DATASET RECORDS START

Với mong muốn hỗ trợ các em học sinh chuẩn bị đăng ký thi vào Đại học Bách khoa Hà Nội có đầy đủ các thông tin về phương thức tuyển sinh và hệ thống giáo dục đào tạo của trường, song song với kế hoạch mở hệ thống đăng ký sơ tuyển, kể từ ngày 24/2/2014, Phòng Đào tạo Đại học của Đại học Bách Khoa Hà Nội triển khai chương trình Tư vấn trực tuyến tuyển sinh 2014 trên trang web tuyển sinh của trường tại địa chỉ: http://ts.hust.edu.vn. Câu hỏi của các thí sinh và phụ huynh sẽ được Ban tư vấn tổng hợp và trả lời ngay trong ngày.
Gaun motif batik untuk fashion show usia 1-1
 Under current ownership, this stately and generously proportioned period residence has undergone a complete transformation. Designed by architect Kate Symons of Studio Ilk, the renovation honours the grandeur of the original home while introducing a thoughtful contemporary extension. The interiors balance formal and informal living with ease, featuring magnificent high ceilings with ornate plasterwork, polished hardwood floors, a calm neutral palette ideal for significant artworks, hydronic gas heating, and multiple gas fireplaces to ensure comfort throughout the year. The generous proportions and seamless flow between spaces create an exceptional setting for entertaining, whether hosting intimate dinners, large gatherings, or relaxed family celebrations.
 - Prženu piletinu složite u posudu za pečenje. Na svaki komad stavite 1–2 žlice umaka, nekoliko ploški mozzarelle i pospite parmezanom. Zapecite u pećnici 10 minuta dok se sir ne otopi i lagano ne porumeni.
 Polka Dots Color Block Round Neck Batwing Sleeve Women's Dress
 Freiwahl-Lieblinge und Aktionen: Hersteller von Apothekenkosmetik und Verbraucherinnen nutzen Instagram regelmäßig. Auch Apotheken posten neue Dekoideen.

DATASET RECORDS END

Copy every record above exactly as it is.

Với mong muốn hỗ trợ các em học sinh chuẩn bị đăng ký thi vào Đại học Bách khoa Hà Nội có đầy đủ các thông tin về phương thức tuyển sinh và hệ thống giáo dục đào tạo của trường, song song với kế hoạch mở hệ thống đăng ký sơ tuyển, kể từ ngày 24/2/2014, Phòng Đào tạo Đại học của Đại học Bách Khoa Hà Nội triển khai chương trình Tư vấn trực tuyến tuyển sinh 2014 trên trang web tuyển sinh của trường tại địa chỉ: http://ts.hust.edu.vn. Câu hỏi của các thí sinh và phụ huynh sẽ được Ban tư vấn tổng hợp và trả lời ngay trong ngày.
Gaun motif batik untuk fashion show usia 1-1
 Under current ownership, this stately and generously proportioned period residence has undergone a complete transformation. Designed by architect Kate Symons of Studio Ilk, the renovation honours the grandeur of the original home while introducing a thoughtful contemporary extension. The interiors balance formal and informal living with ease, featuring magnificent high ceilings with ornate plasterwork, polished hardwood floors, a calm neutral palette ideal for significant artworks, hydronic gas heating, and multiple gas fireplaces to ensure comfort throughout the year. The generous proportions and seamless flow between spaces create an exceptional setting for entertaining, whether hosting intimate dinners, large gatherings, or relaxed family celebrations.
 - Prženu piletinu složite u posudu za pečenje. Na svaki komad stavite 1–2 žlice umaka, nekoliko ploški mozzarelle i pospite parmezanom. Zapecite u pećnici 10 minuta dok se sir ne otopi i lagano ne porumeni.
 Polka Dots Color Block Round Neck Batwing Sleeve Women's Dress
 Freiwahl-Lieblinge und Aktionen: Hersteller von Apothekenkosmetik und Verbraucherinnen nutzen Instagram regelmäßig. Auch Apotheken posten neue Dekoideen.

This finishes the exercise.